I’m sure you’ll all have your own favourite book or even a story based game, and you’ll most definitely have a character in mind that you’ve connected with. Using these characters as starting points and getting a few ideas from these can really help when coming up with your own collection of characters. However, don’t replicate your favourite characters or make stupidly similar characters. I don’t think I need to express the fact that your work should be your own, and the world only needs one Nathan Drake.

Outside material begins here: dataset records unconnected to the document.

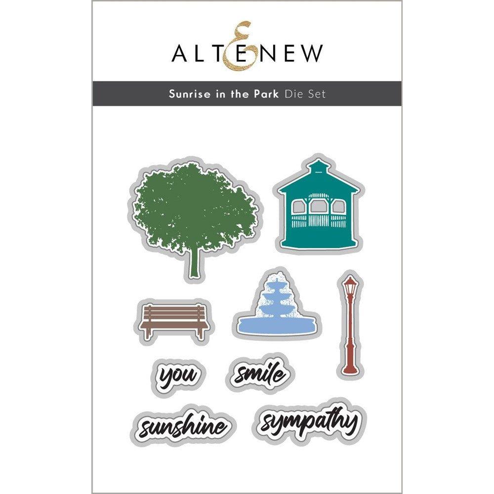 The Altenew Sunrise in the Park Die Set has been designed to coordinate with the Sunrise in the Park Stamp Set and comprises nine dies. The dimensions of the individual dies are as follows: Tree - 2.3 x 2.1 inches, Lamp - 2.6 x 1.8 inches, Fountain - 1.4 x 1.2 inches, Bench - 1.3 x 0.7 inches, Gazebo - 1.5 x 1.6 inches, you Shadow - 1.8 x 0.5 inches, smile Shadow - 1.1 x 0.6 inches, sunshine Shadow - 1.7 x 0.6 inches, and sympathy Shadow - 1.9 x 0.7 inches. With these dies, you can easily create stunning and intricate park scenes for your paper crafting projects.
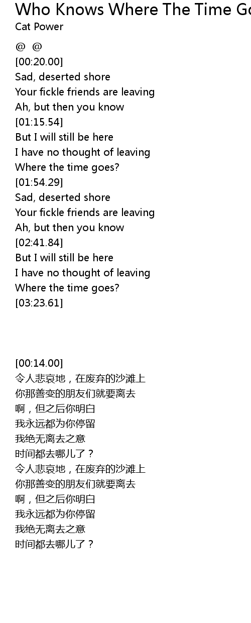 | [03:13.34] | Where the time goes? |
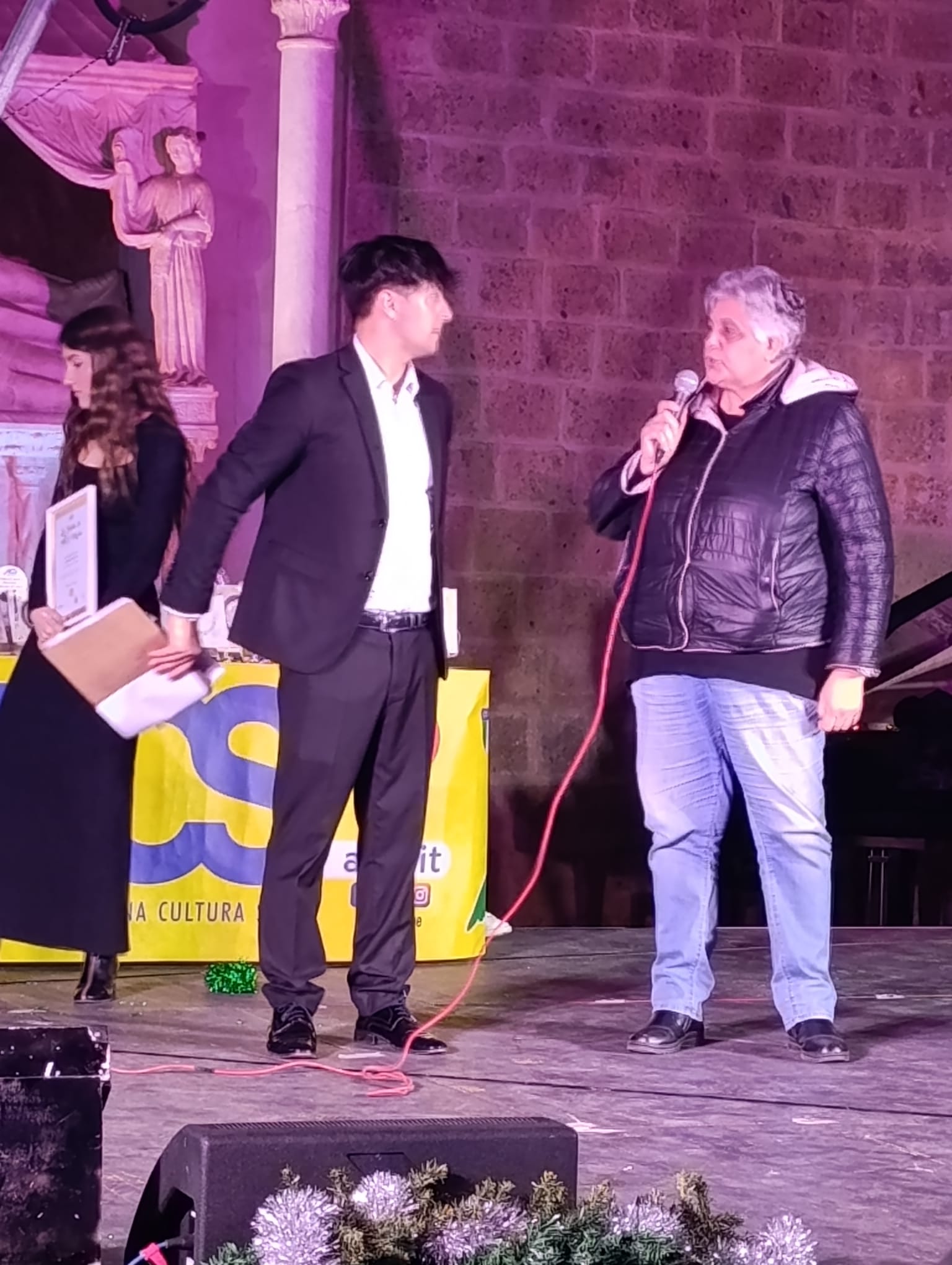 Federica Chiricozzi, presidente del Comitato provinciale AICS di Viterbo, ha rivolto un ringraziamento ai giovani del servizio civile che si sono prodigati in maniera eccellente alla buona riuscita dell’evento, all’amministrazione comunale di Capranica e al Sindaco Pietro Nocchi per la collaborazione che rivolge alle associazioni AICS e alle loro iniziative. Ha poi rivolto parole di ringraziamento a Francesco Laurenti assessore al Comune di Ronciglione. Federica Chiricozzi ha quindi concluso la serata-spettacolo con un ringraziamento speciale allo sponsor DOLCE TUSCIA, che ha addolcito la serata con i panettoni che hanno ricevuto il premio MAXIMO per il miglior panettone al cioccolato del 2025, e altri riconoscimenti culinari.
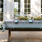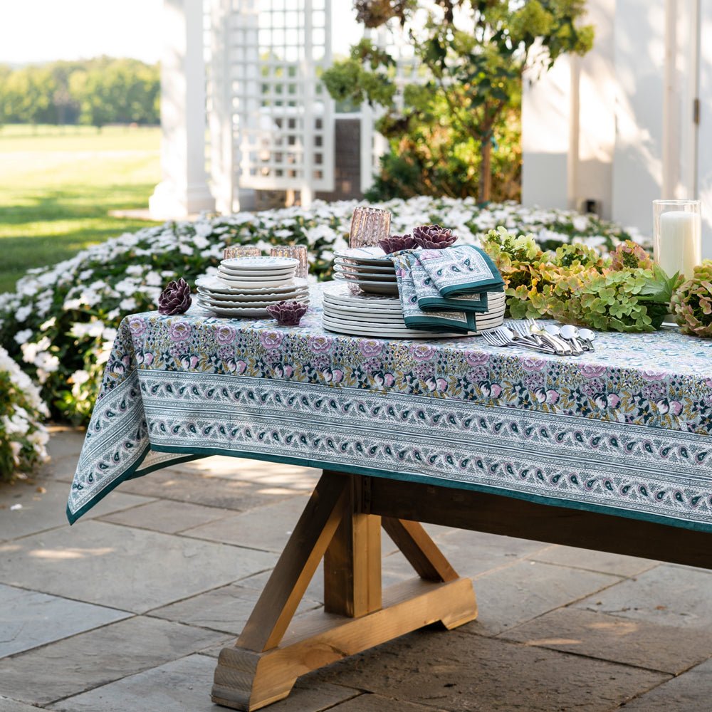 Set the stage for memorable meals with the Pomegranate Garden Teal & Lilac Tablecloth. This stunning hand-block printed tablecloth features a floral motif in serene lilac tones, contrasted against a teal background. Made from 100% cotton, it is machine washable and perfect for adding a touch of elegance to any dining experience.
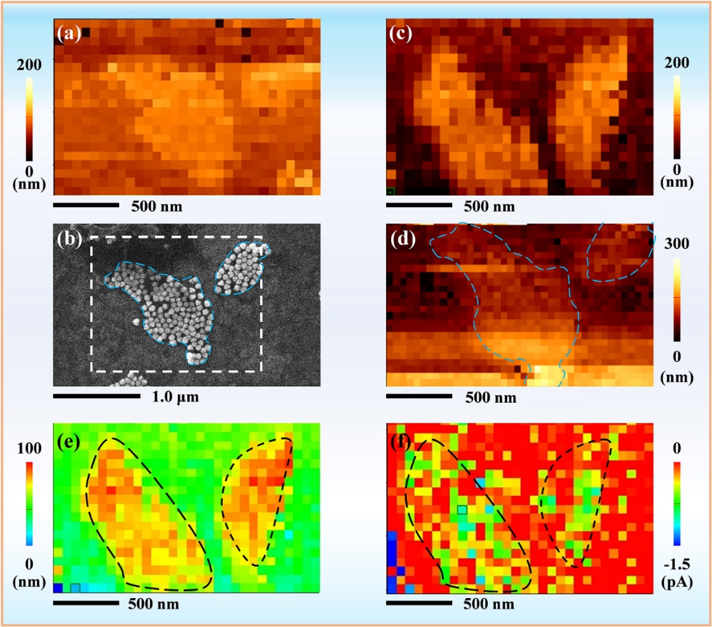 图5. (a),(c),(d)和(e)~45 nm纳米颗粒自组装单层的SECCM形貌学图像;(b)样品的SEM图像(f)SECCM 测试中同时得到的电化学活性图像。
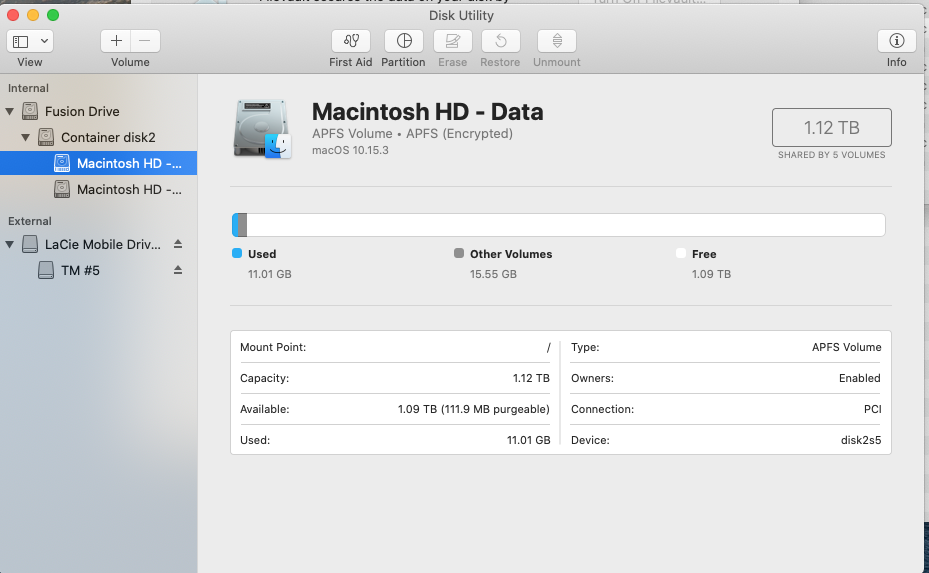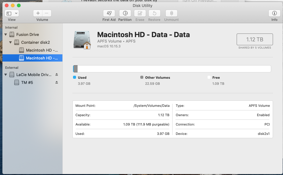 - I have again erased the data. (Disk Recovery Mode / Disk Utilities /erased Macintosh HD-Data / followed by Macintosh HD (unmounted or mounted} Apple Sr. Advisor said it didn't matter) - still have the same issue.
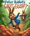 Peter Rabbit is a young, mischievous rabbit with soft, brown fur and long, floppy ears that twitch with curiosity. He has bright, intelligent eyes that sparkle with a hint of mischief, and a tiny pink nose that twitches when he's excited. He wears a bright blue jacket with shiny brass buttons, although it's often a bit rumpled from his adventures. He is nestled safely back in his burrow with his mother and siblings, Flopsy, Mopsy and Cottontail. They have soft, brown fur and long, floppy ears that twitch with curiosity. They have kind, gentle eyes. He's wrapped in a cozy blanket, sipping chamomile tea, with a weary but content expression. The burrow is warm and inviting, lit by the soft glow of a crackling fireplace. The scene exudes a feeling of safety, comfort, and family love. Include the text "The End" and "Thank you for reading!"
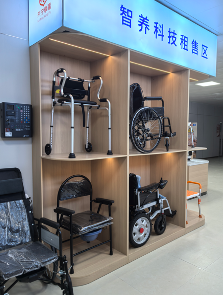 此外,中心还打造了适老化产品体验与销售专区,从赤壁定制的低糖控糖大米,到防水头皮按摩仪、智能助行设备,再到足浴机、电动轮椅等适老化器具,老人体验满意即可购买或租赁,部分电动轮椅还能使用养老消费券享受补贴,有效减轻家庭养老负担。
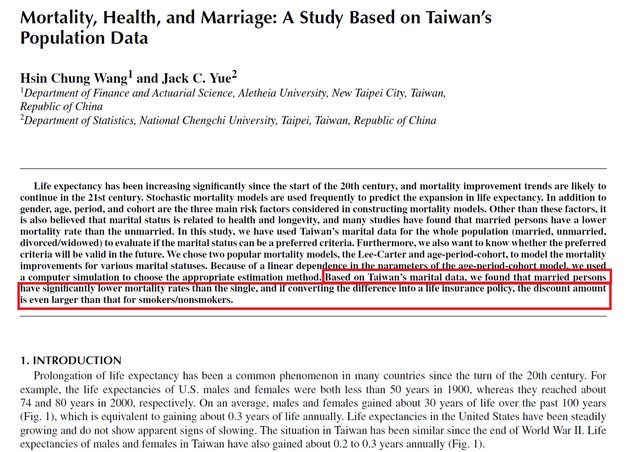 推 qp7281: 結論就是有婚男比較長壽,不管是因為相對有錢、比較有社 11/13 10:51
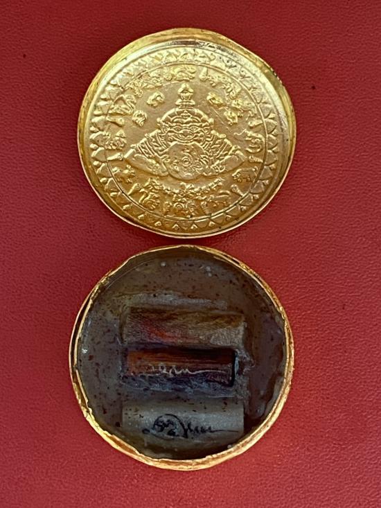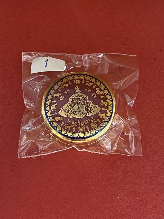 เคาะเดียวแดง สีผึ้งพระราหู รุ่น มงคลจักรวาล เนื้อ โลหะชุบทองลงยาสีแดงขอบสีน้ำเงิน ขนาด3.2ซม
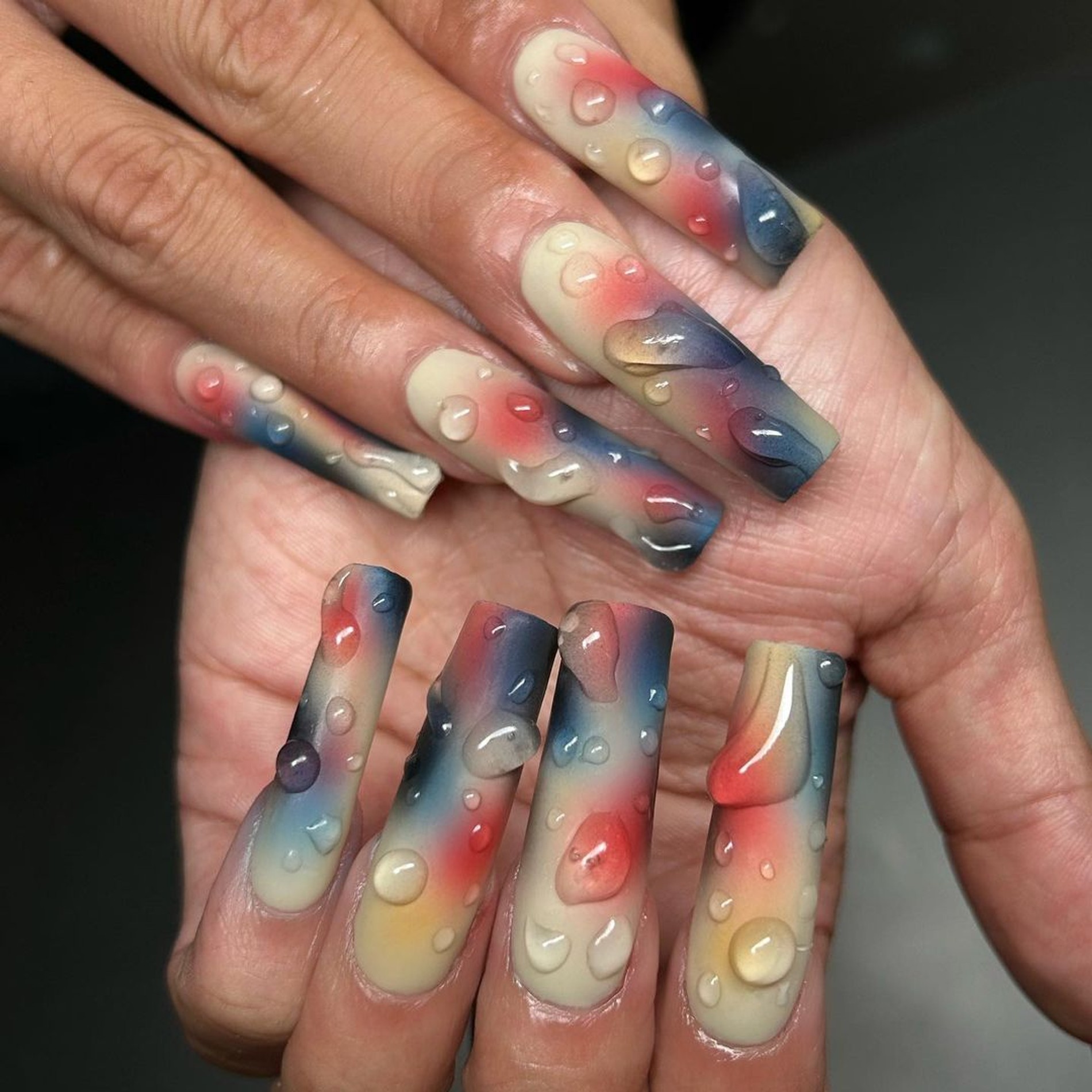 Кто сказал, что минималистичный дизайн не может привлекать любопытные взгляды? Один из набирающих обороты трендов — крупные прозрачные капли. Как будто на классическом маникюре остались брызги после плавания в бассейне. Идеальный вариант, чтобы дождаться отпуска, не правда ли?

I guess another question you may be asking yourself is what sort of a character to create. There is no right or wrong answer to this and it’s honestly completely up to you. If you need a little inspiration, there’s one activity that most of us do every day, probably without even realising, that could really help.

People watching.

Yes, you do it. Everyone has at some point. Ever been in public waiting for someone, just watching the world go by? Waiting in that long queue in Asda, silently judging them for what’s in their trolleys? I thought so.

BUT, it’s the perfect opportunity for inspiration. I guarantee you. The next time you’re out and about with an hour to spare, go to a cafe with a notebook and pen, grab a coffee and watch. Watch how people speak to each other. Watch how parents react when their child drops their ice cream down their clothes or when they’ve sold out of flapjacks at the counter. You’ll get so many ideas for the personalities of your characters by carrying out a simple activity like this. You’ll be amazed with the ideas you get and the profiles you create just by observing others. Just don’t let your coffee get cold.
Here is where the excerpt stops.